Binding Assay 2 Performed 7.10.2010
This binding assay shows that with progressive rounds after round 7, there has been an increase in background binding, relative to the total binding. The assay for round 10 was not completed without problems due to an odd smear on the cartridge, despite multiple tries with different Storm Imagers and different cassettes. The cassettes and the screen were exposed for approximately 30 minutes each due to the high radioactivity of the P-32 used during the assay. Round 7 shows the most promise for the A round and will later be sequenced. When visualizing the cassette, there was such overexposure of the bottom where the nonbinders had washed out that it had essentially bleached the top part white. The pixel reader, however, can determine the differences of minute shades of pixels, so percentage binding can still be achieved. The original assay was supposed to be performed with rounds 7A, 8B, 8A, 10B, 10A, but due to the low yield after the etOH precipitation, it was impossible to continue. The top half of the cassette shows the binders for the assay with 1027 protein. The bottom half of the cassette shows that which was done without the 1027 protein. The blots in the top grid (1) cannot be seen, but based on the bottom grid (2). Grid 2 represents the washed away non binders. The darker blots on the bottom half of the grid show that more has washed out during the negative protein assay, which is promising. The green bars indicate percentage of total binding species and the red bars indicate percentage of total nonspecific binding species.


3 comments:

Brad Hall said...

Please don't just post data without explaining it. What it means, what it tells you, what you did and what you plan to do, what the pool, target, conditions, round, etc are.

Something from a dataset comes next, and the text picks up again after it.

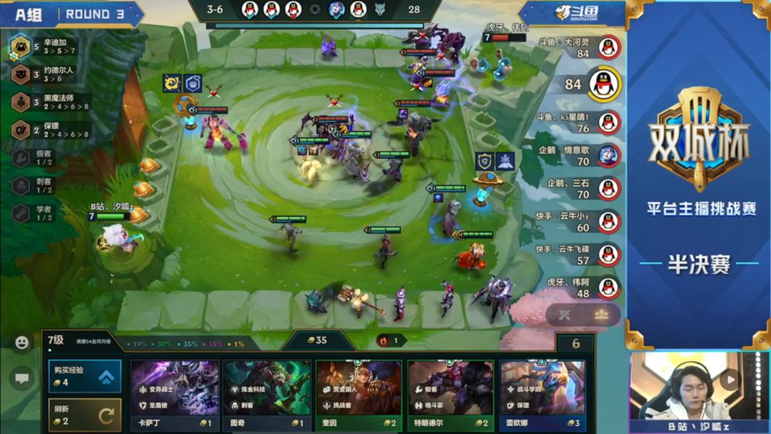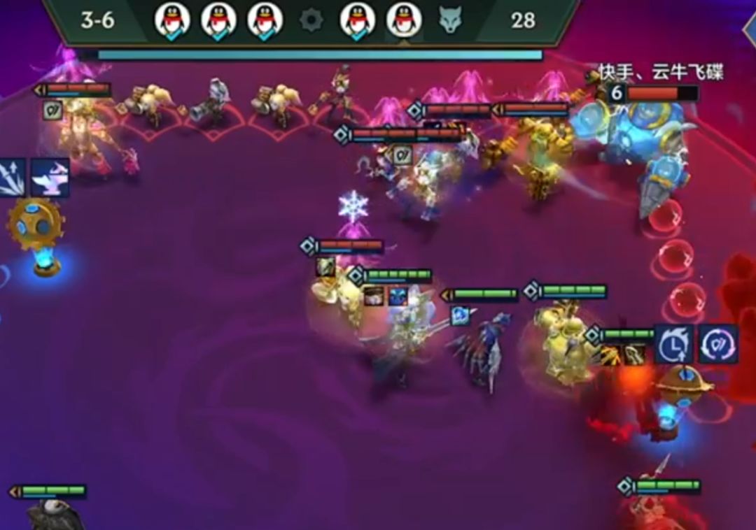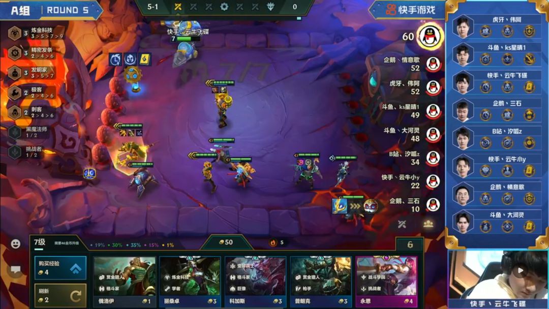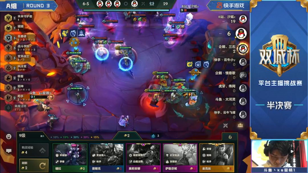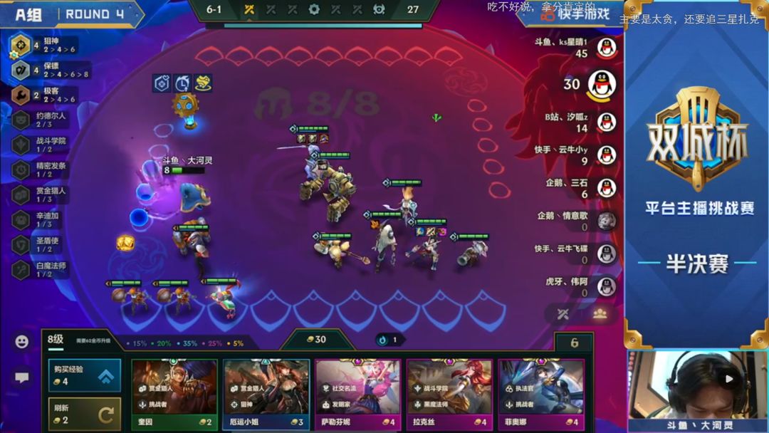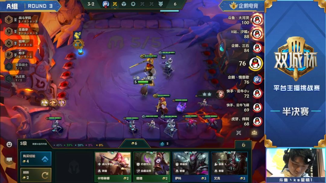 汐呱原本的思路是前期通过三星辛迪加来保证血量健康,顺利上八再去D阿卡丽,但是由于比赛环境,二阶段中期被迫拉过一次人口,所以选择了在不卡经济的情况下多留了卡牌与诺手,看看能不能后面嫖到三星,而通过三星炸弹人的优势在第三阶段只输了一回合,虽然不是五连胜但是也让自己崩盘的经济逐步恢复。

When you post it, make sure the data labels are accurate. The X axis for assay 2 doesn't have the correct round number. The actual dot blot does not describe what the boxes are.

Katherine Li said...

I am doing that right now. I just wanted to see how the post would look. I loaded the wrong pictures on so it's all different.

Gwen Stovall said...

In response to the statement about DNA degrading after 2 weeks, I don't think this is very likely. It's more likely you had an odd PCR product (i.e. smaller size) instead of DNA degradation.

Nice job with the selection. It looks like you're getting somewhere with it.